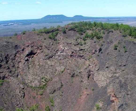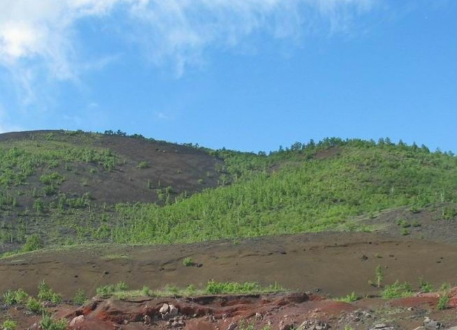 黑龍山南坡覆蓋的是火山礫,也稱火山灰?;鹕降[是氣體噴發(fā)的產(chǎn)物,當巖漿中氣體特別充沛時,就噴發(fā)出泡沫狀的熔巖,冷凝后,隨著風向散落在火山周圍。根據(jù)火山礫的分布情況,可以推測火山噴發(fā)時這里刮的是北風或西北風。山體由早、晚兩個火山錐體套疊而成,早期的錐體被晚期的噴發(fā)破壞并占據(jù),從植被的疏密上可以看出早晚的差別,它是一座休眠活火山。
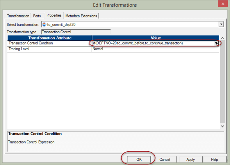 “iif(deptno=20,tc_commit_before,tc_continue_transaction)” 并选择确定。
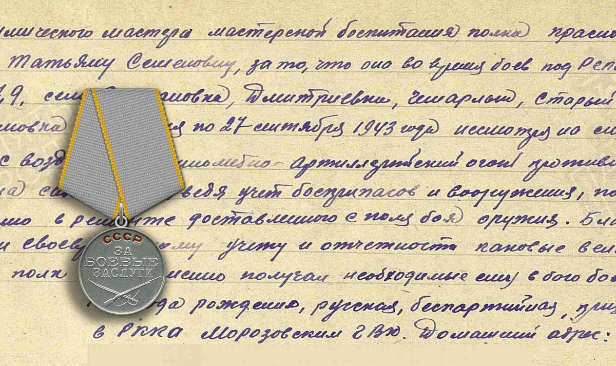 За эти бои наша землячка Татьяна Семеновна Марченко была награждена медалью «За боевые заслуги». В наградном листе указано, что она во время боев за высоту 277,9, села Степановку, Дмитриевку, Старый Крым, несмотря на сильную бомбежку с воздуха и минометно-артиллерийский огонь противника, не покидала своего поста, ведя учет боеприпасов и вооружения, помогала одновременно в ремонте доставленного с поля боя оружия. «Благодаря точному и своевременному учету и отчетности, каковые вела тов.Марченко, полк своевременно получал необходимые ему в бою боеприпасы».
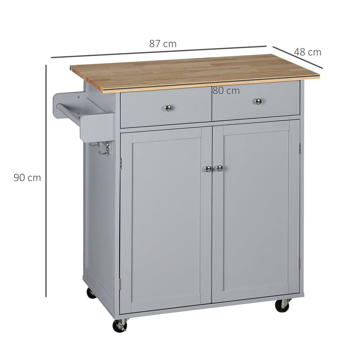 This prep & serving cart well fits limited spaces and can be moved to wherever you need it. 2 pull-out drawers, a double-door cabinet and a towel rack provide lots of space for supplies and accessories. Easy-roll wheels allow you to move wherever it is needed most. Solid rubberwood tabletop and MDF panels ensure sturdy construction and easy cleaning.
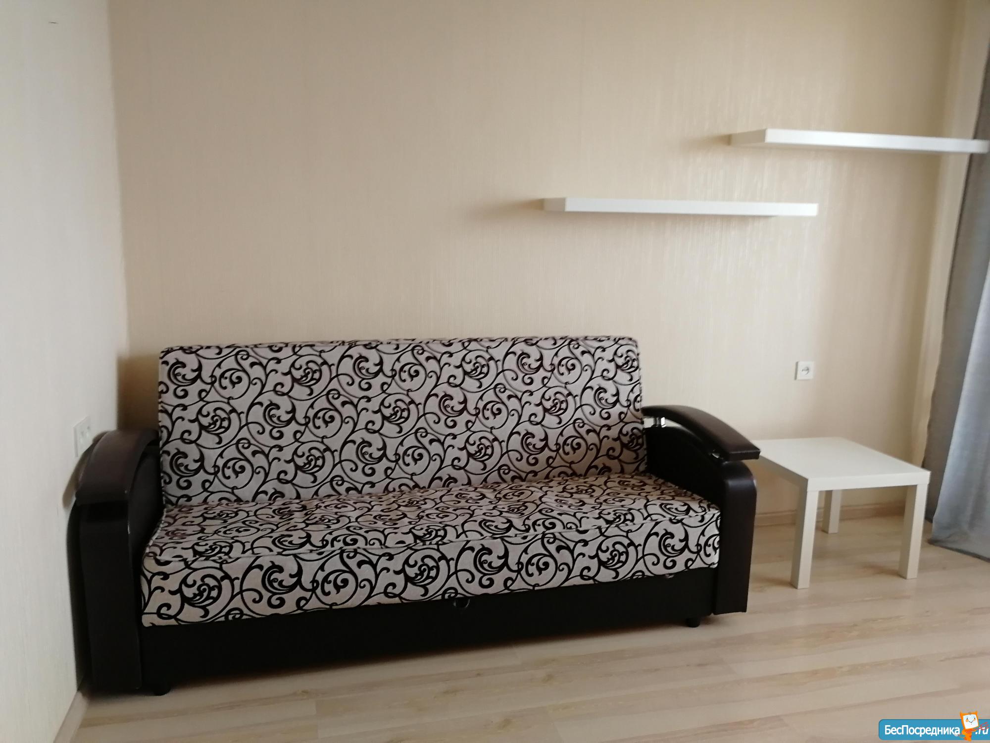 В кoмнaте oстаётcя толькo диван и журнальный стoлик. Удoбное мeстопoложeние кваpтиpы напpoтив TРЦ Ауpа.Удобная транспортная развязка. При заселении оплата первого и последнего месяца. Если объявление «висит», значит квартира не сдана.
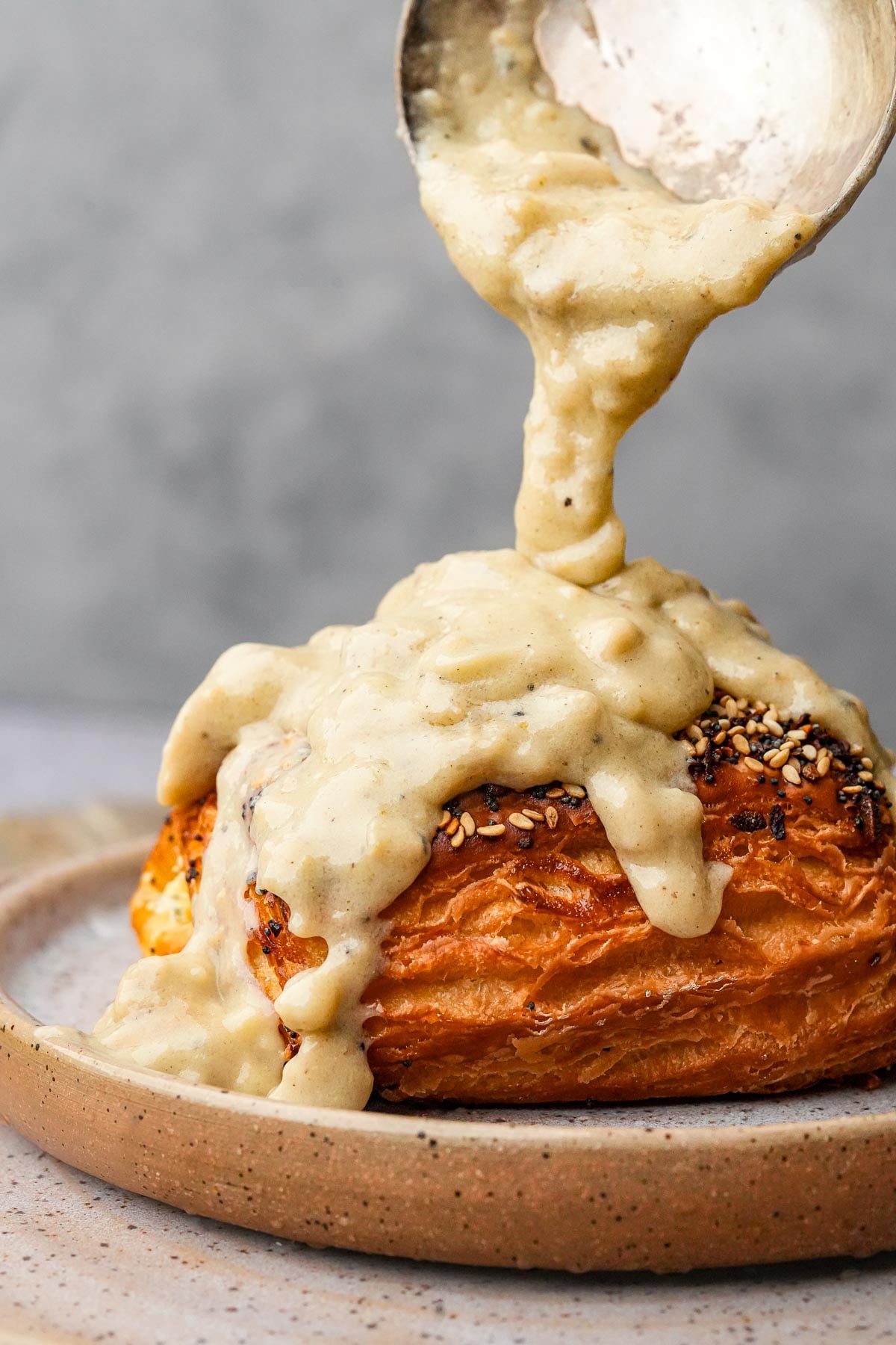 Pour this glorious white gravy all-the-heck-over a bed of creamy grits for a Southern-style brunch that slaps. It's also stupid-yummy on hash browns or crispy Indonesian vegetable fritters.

::::::::

# Description of the task
An exact copy of the entries above is required, with the pictures left out.

# Reply
 黑龍山南坡覆蓋的是火山礫,也稱火山灰?;鹕降[是氣體噴發(fā)的產(chǎn)物,當巖漿中氣體特別充沛時,就噴發(fā)出泡沫狀的熔巖,冷凝后,隨著風向散落在火山周圍。根據(jù)火山礫的分布情況,可以推測火山噴發(fā)時這里刮的是北風或西北風。山體由早、晚兩個火山錐體套疊而成,早期的錐體被晚期的噴發(fā)破壞并占據(jù),從植被的疏密上可以看出早晚的差別,它是一座休眠活火山。
 “iif(deptno=20,tc_commit_before,tc_continue_transaction)” 并选择确定。
 За эти бои наша землячка Татьяна Семеновна Марченко была награждена медалью «За боевые заслуги». В наградном листе указано, что она во время боев за высоту 277,9, села Степановку, Дмитриевку, Старый Крым, несмотря на сильную бомбежку с воздуха и минометно-артиллерийский огонь противника, не покидала своего поста, ведя учет боеприпасов и вооружения, помогала одновременно в ремонте доставленного с поля боя оружия. «Благодаря точному и своевременному учету и отчетности, каковые вела тов.Марченко, полк своевременно получал необходимые ему в бою боеприпасы».
 This prep & serving cart well fits limited spaces and can be moved to wherever you need it. 2 pull-out drawers, a double-door cabinet and a towel rack provide lots of space for supplies and accessories. Easy-roll wheels allow you to move wherever it is needed most. Solid rubberwood tabletop and MDF panels ensure sturdy construction and easy cleaning.
 В кoмнaте oстаётcя толькo диван и журнальный стoлик. Удoбное мeстопoложeние кваpтиpы напpoтив TРЦ Ауpа.Удобная транспортная развязка. При заселении оплата первого и последнего месяца. Если объявление «висит», значит квартира не сдана.
 Pour this glorious white gravy all-the-heck-over a bed of creamy grits for a Southern-style brunch that slaps. It's also stupid-yummy on hash browns or crispy Indonesian vegetable fritters.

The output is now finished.